WORK INSTRUCTIONS: An exact transcription is needed, beginning at the line with "Енисей – Акрон: Акрон" and ending at the last line of the listing, with pictures left out and nothing else added.

MATERIALS PROVIDED:
******************************
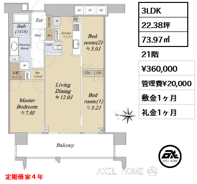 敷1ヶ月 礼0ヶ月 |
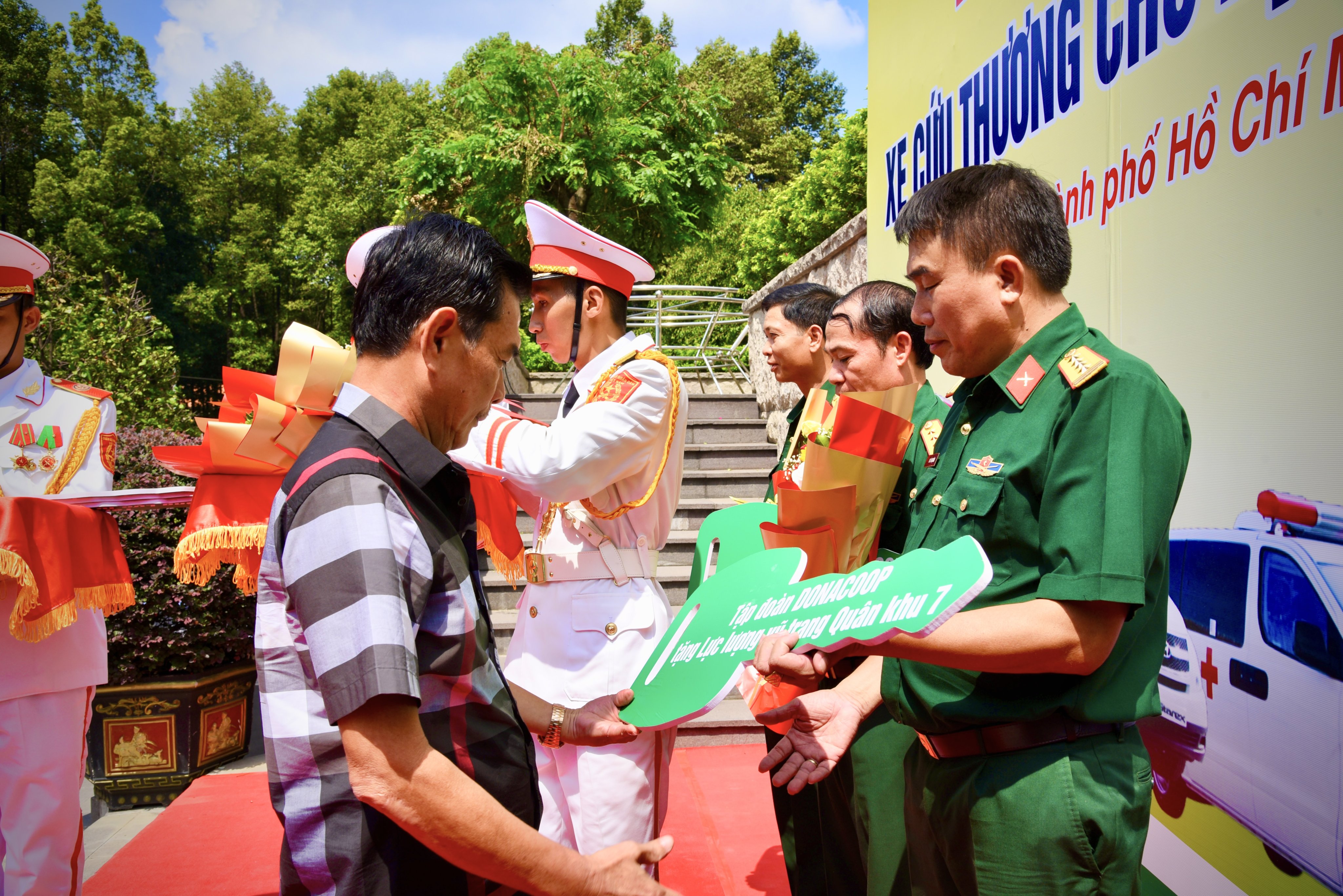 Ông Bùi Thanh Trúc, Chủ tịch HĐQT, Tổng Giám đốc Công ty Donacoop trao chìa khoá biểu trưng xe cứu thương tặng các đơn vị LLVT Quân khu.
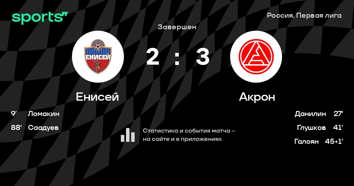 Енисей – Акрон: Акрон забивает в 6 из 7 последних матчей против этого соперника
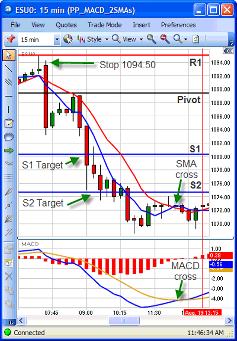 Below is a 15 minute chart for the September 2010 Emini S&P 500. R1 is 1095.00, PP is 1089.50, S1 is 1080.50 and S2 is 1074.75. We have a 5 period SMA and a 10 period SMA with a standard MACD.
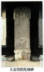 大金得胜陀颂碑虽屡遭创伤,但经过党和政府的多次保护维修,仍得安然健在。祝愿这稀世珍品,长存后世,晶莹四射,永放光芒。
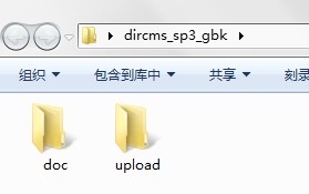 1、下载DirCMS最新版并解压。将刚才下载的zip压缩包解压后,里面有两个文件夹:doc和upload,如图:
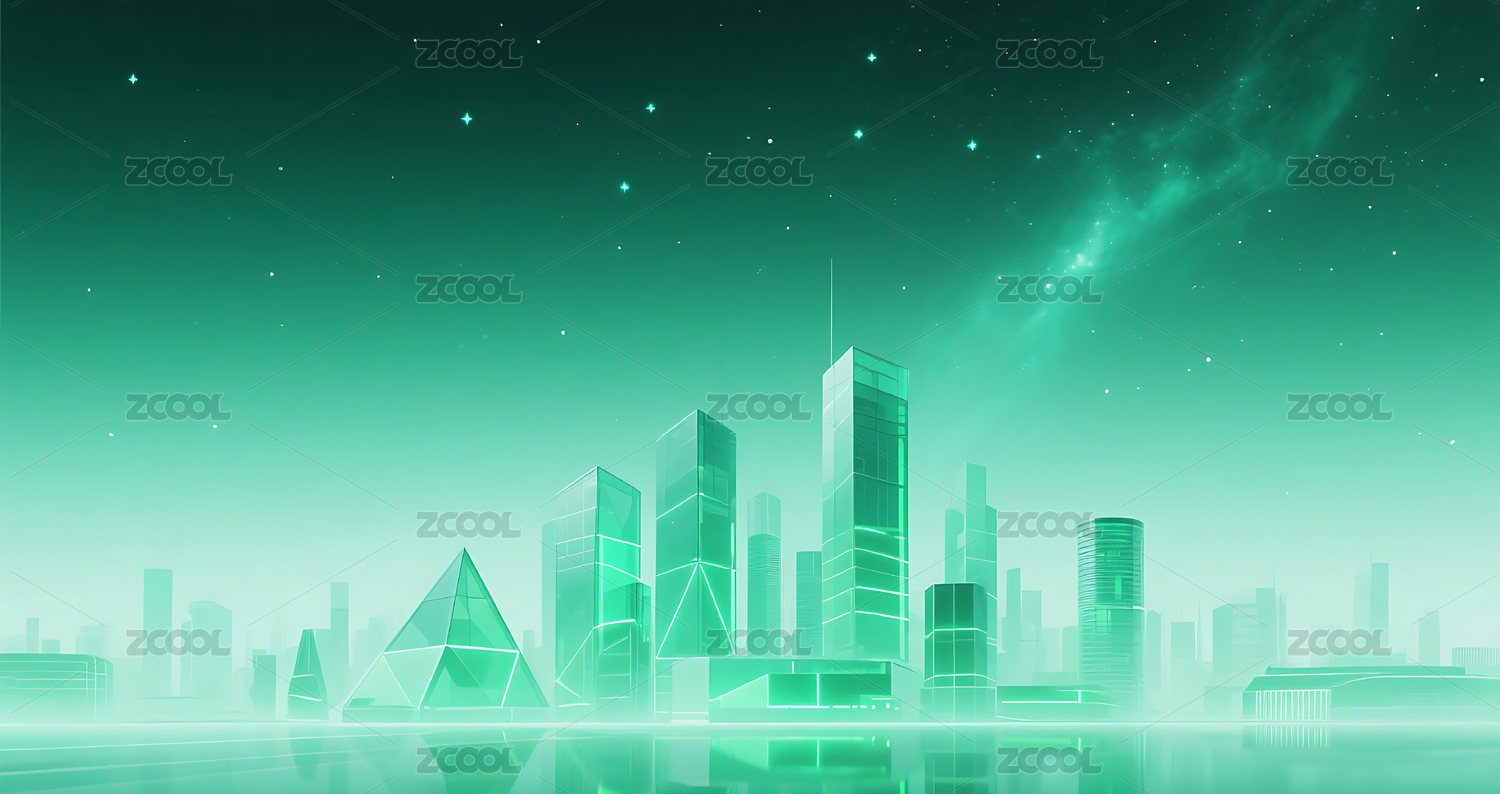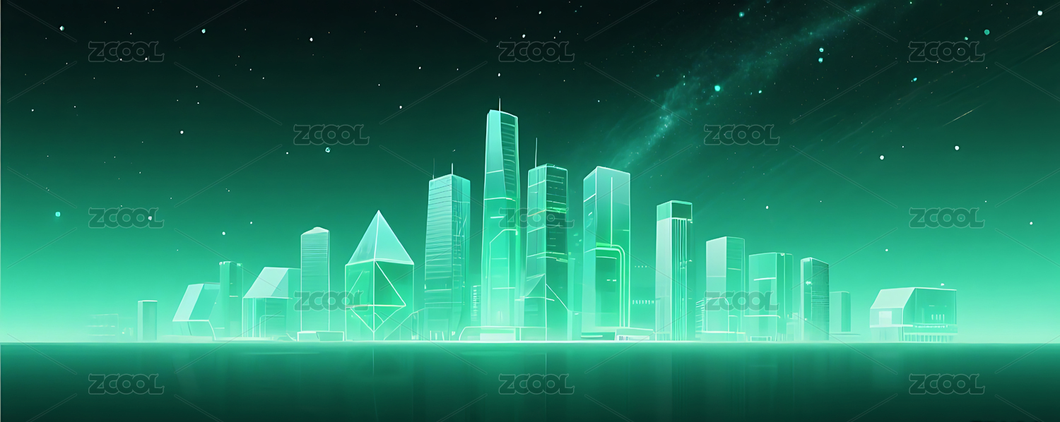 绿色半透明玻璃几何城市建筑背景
******************************
EXERCISE SOLUTION:
 Енисей – Акрон: Акрон забивает в 6 из 7 последних матчей против этого соперника
 Below is a 15 minute chart for the September 2010 Emini S&P 500. R1 is 1095.00, PP is 1089.50, S1 is 1080.50 and S2 is 1074.75. We have a 5 period SMA and a 10 period SMA with a standard MACD.
 大金得胜陀颂碑虽屡遭创伤,但经过党和政府的多次保护维修,仍得安然健在。祝愿这稀世珍品,长存后世,晶莹四射,永放光芒。
 1、下载DirCMS最新版并解压。将刚才下载的zip压缩包解压后,里面有两个文件夹:doc和upload,如图:
 绿色半透明玻璃几何城市建筑背景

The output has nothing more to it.